[Records from a collection]
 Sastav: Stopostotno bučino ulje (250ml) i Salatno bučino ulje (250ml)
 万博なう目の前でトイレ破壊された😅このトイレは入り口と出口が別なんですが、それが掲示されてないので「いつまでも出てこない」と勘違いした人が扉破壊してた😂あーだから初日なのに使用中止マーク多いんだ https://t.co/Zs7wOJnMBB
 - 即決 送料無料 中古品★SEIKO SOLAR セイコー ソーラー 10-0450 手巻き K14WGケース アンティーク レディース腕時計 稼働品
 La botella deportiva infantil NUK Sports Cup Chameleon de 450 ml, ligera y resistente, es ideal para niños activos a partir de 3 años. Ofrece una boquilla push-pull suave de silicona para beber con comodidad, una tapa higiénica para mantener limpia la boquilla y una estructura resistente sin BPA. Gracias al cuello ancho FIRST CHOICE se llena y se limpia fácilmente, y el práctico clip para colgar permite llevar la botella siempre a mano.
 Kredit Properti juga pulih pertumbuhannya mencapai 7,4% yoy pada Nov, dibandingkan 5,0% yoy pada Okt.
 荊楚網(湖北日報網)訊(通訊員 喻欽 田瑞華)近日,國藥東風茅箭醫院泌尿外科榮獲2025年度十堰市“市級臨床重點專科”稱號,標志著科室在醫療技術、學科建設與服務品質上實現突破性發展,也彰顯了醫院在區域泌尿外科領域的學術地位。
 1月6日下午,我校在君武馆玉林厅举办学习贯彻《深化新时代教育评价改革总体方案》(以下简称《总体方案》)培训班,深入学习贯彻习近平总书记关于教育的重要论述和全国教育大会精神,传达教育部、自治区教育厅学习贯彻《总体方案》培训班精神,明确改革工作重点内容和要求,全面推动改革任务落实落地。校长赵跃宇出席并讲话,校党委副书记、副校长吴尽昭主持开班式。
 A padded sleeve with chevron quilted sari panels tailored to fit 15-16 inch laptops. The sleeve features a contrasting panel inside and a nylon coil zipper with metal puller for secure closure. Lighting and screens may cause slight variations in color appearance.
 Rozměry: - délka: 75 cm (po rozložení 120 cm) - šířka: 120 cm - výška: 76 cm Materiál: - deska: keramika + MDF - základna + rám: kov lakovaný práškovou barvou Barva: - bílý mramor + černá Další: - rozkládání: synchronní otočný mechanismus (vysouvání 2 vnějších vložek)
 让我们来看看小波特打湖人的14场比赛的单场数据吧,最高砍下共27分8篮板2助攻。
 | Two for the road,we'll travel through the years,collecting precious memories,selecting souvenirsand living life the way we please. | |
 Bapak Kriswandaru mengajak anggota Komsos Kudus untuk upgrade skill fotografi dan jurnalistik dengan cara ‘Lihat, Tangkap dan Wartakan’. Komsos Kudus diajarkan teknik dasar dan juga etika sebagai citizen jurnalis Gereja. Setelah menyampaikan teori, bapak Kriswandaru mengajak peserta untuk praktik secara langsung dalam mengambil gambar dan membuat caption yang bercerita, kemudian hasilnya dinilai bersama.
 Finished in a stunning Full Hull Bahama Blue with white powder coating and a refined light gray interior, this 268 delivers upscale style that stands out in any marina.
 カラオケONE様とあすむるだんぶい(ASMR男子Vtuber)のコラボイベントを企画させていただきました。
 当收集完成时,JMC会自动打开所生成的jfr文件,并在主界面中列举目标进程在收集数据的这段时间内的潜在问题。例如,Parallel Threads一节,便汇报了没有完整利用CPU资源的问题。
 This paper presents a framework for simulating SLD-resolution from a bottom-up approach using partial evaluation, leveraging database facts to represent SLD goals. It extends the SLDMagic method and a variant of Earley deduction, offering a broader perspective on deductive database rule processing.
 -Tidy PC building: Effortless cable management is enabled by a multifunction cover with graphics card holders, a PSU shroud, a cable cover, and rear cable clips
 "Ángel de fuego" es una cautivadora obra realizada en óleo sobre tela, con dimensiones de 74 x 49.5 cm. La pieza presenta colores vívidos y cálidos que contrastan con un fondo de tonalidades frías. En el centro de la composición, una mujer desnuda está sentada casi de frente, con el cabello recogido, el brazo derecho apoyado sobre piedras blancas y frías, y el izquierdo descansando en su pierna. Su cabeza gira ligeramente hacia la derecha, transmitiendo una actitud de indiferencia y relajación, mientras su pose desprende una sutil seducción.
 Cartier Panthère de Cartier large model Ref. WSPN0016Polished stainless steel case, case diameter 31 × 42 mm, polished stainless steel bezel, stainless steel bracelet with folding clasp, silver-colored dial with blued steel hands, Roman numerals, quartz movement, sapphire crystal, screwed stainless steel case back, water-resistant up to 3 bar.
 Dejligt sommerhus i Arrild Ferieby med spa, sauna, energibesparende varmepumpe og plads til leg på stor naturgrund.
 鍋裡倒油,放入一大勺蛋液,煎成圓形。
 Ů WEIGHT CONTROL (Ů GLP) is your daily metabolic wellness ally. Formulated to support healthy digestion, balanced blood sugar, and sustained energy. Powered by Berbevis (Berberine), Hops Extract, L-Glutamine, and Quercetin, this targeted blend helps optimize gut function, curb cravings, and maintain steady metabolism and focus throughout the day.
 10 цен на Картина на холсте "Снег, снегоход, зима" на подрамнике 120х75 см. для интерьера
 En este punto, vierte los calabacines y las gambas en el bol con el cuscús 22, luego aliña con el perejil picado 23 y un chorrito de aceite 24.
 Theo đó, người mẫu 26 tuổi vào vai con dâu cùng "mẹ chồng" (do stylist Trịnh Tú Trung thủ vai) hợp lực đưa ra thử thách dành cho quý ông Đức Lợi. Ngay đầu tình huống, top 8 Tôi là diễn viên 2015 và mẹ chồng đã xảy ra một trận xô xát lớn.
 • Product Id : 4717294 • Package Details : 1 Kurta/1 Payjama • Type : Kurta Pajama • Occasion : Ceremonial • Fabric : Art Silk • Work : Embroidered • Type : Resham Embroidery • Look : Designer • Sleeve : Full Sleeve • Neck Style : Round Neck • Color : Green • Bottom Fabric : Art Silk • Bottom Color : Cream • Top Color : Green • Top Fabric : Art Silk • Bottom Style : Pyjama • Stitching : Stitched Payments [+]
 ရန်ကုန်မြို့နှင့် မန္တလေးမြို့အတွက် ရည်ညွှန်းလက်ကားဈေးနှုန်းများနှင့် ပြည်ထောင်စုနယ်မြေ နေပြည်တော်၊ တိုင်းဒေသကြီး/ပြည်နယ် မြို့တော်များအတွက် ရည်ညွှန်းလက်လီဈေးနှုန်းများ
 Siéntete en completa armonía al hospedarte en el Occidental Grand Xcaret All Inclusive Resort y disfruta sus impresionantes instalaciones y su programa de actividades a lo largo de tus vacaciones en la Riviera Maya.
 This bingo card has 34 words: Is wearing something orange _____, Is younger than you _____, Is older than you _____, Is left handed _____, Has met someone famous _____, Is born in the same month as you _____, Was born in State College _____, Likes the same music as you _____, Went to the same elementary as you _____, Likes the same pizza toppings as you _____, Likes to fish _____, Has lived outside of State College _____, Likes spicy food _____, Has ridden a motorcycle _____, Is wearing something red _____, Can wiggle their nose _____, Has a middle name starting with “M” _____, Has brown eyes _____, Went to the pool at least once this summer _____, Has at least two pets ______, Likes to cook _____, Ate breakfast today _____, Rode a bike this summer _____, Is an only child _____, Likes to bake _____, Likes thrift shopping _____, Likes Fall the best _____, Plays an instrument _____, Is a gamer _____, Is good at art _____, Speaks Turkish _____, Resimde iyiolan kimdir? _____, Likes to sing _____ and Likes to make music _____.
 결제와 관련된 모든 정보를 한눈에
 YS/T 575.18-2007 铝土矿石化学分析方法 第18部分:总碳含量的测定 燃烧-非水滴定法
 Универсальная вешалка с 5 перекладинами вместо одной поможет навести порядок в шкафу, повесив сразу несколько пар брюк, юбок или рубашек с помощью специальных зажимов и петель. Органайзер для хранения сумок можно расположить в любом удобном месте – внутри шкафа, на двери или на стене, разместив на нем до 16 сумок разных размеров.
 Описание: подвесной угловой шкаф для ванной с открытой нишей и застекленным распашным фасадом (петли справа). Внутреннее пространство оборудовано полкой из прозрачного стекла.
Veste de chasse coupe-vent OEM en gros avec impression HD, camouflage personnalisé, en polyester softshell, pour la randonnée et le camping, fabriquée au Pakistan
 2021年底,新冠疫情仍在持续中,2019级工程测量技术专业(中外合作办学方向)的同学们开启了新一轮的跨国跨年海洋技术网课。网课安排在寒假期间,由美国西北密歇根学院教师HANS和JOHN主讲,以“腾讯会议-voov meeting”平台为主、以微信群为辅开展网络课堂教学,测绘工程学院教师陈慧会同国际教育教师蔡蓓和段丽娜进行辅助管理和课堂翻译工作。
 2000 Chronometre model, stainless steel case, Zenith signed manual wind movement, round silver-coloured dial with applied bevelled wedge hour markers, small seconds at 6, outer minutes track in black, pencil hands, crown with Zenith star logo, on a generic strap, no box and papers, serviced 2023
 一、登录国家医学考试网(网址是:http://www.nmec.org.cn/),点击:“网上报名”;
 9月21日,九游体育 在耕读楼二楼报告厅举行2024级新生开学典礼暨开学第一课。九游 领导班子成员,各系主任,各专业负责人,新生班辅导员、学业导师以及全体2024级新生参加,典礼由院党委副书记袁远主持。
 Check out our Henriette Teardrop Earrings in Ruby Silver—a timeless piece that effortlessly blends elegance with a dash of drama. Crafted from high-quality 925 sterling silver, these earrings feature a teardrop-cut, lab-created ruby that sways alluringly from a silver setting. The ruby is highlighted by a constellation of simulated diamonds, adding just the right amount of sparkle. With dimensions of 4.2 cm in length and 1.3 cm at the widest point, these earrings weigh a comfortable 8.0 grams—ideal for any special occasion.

§ Exercise: Your answer should consist only of the lines from the one with "一、登录国家医学考试网(网址" through the end of the data above, reproduced exactly.

§ Written response:
 一、登录国家医学考试网(网址是:http://www.nmec.org.cn/),点击:“网上报名”;
 9月21日,九游体育 在耕读楼二楼报告厅举行2024级新生开学典礼暨开学第一课。九游 领导班子成员,各系主任,各专业负责人,新生班辅导员、学业导师以及全体2024级新生参加,典礼由院党委副书记袁远主持。
 Check out our Henriette Teardrop Earrings in Ruby Silver—a timeless piece that effortlessly blends elegance with a dash of drama. Crafted from high-quality 925 sterling silver, these earrings feature a teardrop-cut, lab-created ruby that sways alluringly from a silver setting. The ruby is highlighted by a constellation of simulated diamonds, adding just the right amount of sparkle. With dimensions of 4.2 cm in length and 1.3 cm at the widest point, these earrings weigh a comfortable 8.0 grams—ideal for any special occasion.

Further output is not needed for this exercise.